Im Oktober 2020 konnte das Historische Museum Frankfurt aus Privatbesitz einen Pokal erwerben, der als Preis für einem Wettbewerb der Internationalen Luftfahrt-Ausstellung 1909 in Frankfurt ausgesetzt war. Die Ausstellung fand auf dem Ausstellungsgelände der Festhalle statt und hatte über 1, 5 Millionen Besucher*innen.

Die Spenderin des Pokals war die „Freifrau Wilhelm von Rothschild“. Hannah Mathilde von Rothschild (1832-1924) war die zweitälteste Tochter von Anselm Salomon Rothschild (Wien). Sie heiratete 1849 Wilhelm Carl von Rothschild, Sohn von Karl Mayer (Neapel). Nach dem Tod von Amschel Mayer (Frankfurt) übernahm Wilhelm Carl 1855 die Leitung des Frankfurter Bankhauses. Der Wohnsitz des Ehepaares war zunächst im großen Haus Zeil 34 (Heute: Nr. 92) und ab ca. 1865 das Schloß Grüneburg im Grüneburgpark.  Ab 1888 erbauten sie als Sommersitz die Villa Rothschild in Königstein. Hannah Mathilde und Wilhelm hatten drei Töchter. Mit Wilhelms  Tod 1901 wurde das Frankfurter Bankhaus liquidiert und von der Diskonto-Gesellschaft übernommen.

Ein historische schwarzweißfoto: eine Frau sitzt an einem Schreibtisch und liest. Hinter Ihr stehen auf einem Kaminsims Blumen und Porzellangegenstände
Illustriertes Blatt, Mathilde Hanna von Rothschild (1832-1924) an ihrem Tisch, Fotografie, Portrait, Frankfurt am Main

Mathilde Rothschild war eine der reichsten Frauen des Reiches. Sie sammelte Antiquitäten und war musikalisch ambitioniert. Sie gab kulturelle Gesellschaften im Grüneburgschlösschen und auf dem Sommersitz in Königstein. Die Eheleute förderten die Universität, das Kunstgewerbemuseum und sehr viele caritative Einrichtungen: Lungenheilstätte Ruppertshain; Frauenheime in Bad Nauheim und Baden-Baden; Mathilde von Rothschildsches Kindeshospital; Rothschildscher Fond zur Linderung der Not; Rothschildsches Altersheim; Stiftung zur Förderung des Kunstgewerbes; Hospital.  Ihr Schwiegersohn Maximilian von Goldschmidt-Rothschild war Mitglied im „Großen Ausschuß“ der ILA. Er starb 1940 in Frankfurt und war damals einer der reichsten Männer Preußens.

 

Der Deckel des Silberpokals wird von einem durchbohrten Bergkristall überragt, der als Personenballon eine Gondel trägt.  Der Pokal hat oben umlaufend die Umschrift GESTIFTET VON FREIFRAU WILHELM VON ROTHSCHILD (Blume) und unten DEM SIEGER IM WETTBEWERB DER ILA 1909 (Blume). Dazwischen ist eine ziselierte Stadtansicht von Frankfurt dargestellt. Der Pokal steht auf drei Füßen, in deren Feldern das Stadtwappen, das Festgelände der ILA und der Römer, jeweils im Hintergrund rot emailliert dargestellt werden.

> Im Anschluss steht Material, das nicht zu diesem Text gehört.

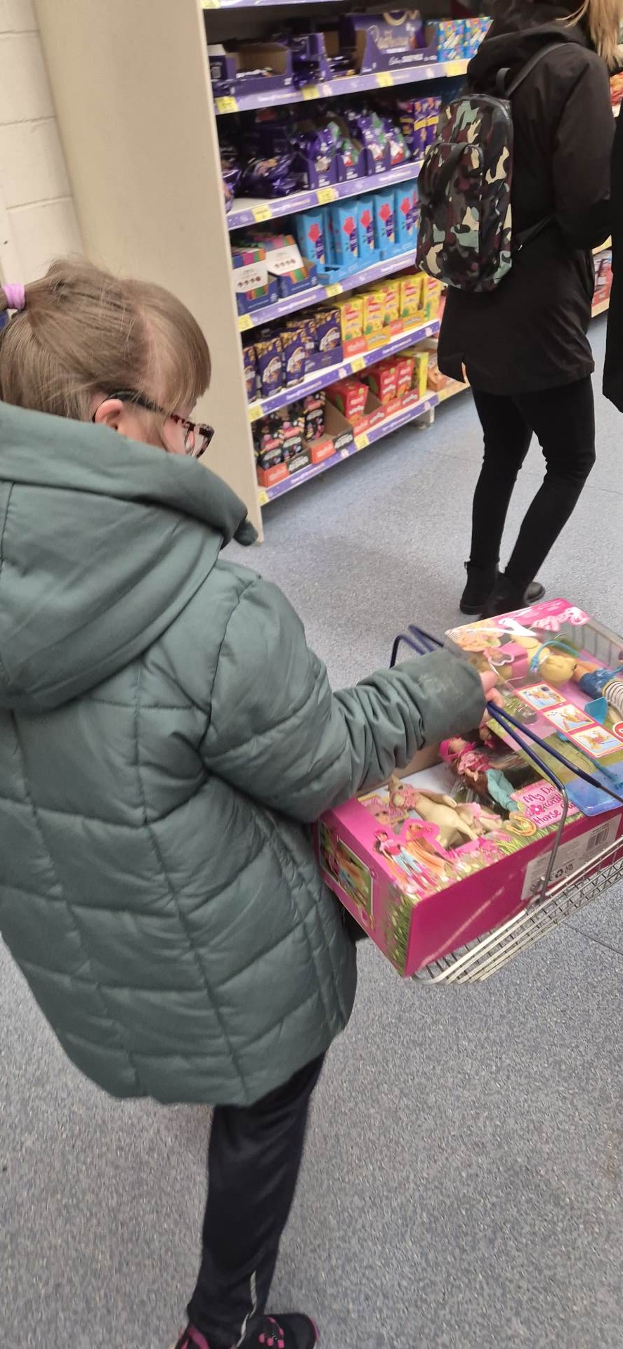 In B&M, each pupil had a personal budget of £20 and they were tasked with picking 1 toy for a girl and 1 toy for a boy. Everyone had great fun walking round B&M, looking at the different toys and picking what they liked the most. Everyone then waited patiently in the queue to pay for the toys they chose.

Der Pokal stammt aus der Silberwerkstatt von Felix und  Leo Horovitz. Leo Horovitz (1876-1964) war Medailleur, Bildhauer und Ziseleur.  Leo Horovitz war Privatschüler von Josef Kowarzik und bildete sich in München und Paris weiter. Seit 1901 betrieb er mit seinem Bruder Felix (1877-1928) ein Silberwarengeschäft in der Schillerstraße; Der Vater , Markus Horovitz, war 1878 zum Rabbiner der Frankfurter Israelitischen Gemeinde berufen worden. Leo und sein Bruder Felix Horovitz fertigten kunstgewerbliche Silberarbeiten und jüdische Kultgegenstände an – viele sind heute im Jüdischen Museum Frankfurt. Das HMF besitzt 24 meist großformatige Medaillen von Leo Horovitz, Frankfurter Persönlichkeiten und Anlässe darstellend. 1939 emigrierte er nach London. Ein weiterer Bruder war der bedeutende Orientalist Josef Horovitz (1874-1931), seit 1915 Professor für Semitische Sprachen an der Universität Frankfurt.

Der Pokal war einer der Ehrenpreise der Internationalen Luftfahrtausstellung 1909 in Frankfurt. Zu Beginn der Ausstellung standen Preisgelder von 200.000 M in bar zur Verfügung. Aufgeteilt in 58 Geldpreise wurden sie in der Fliegerwoche vergeben. In bar stiftete Mathildes Schwiegersohn Max von Goldschmidt-Rothschild 5000 Mark und der Enkel Rudolf von Goldschmidt-Rothschild 2000 Mark. Beide Preise waren Hauptpreise des Wettbewerbs um die meisten Flüge von wenigstens 30 Sekunden.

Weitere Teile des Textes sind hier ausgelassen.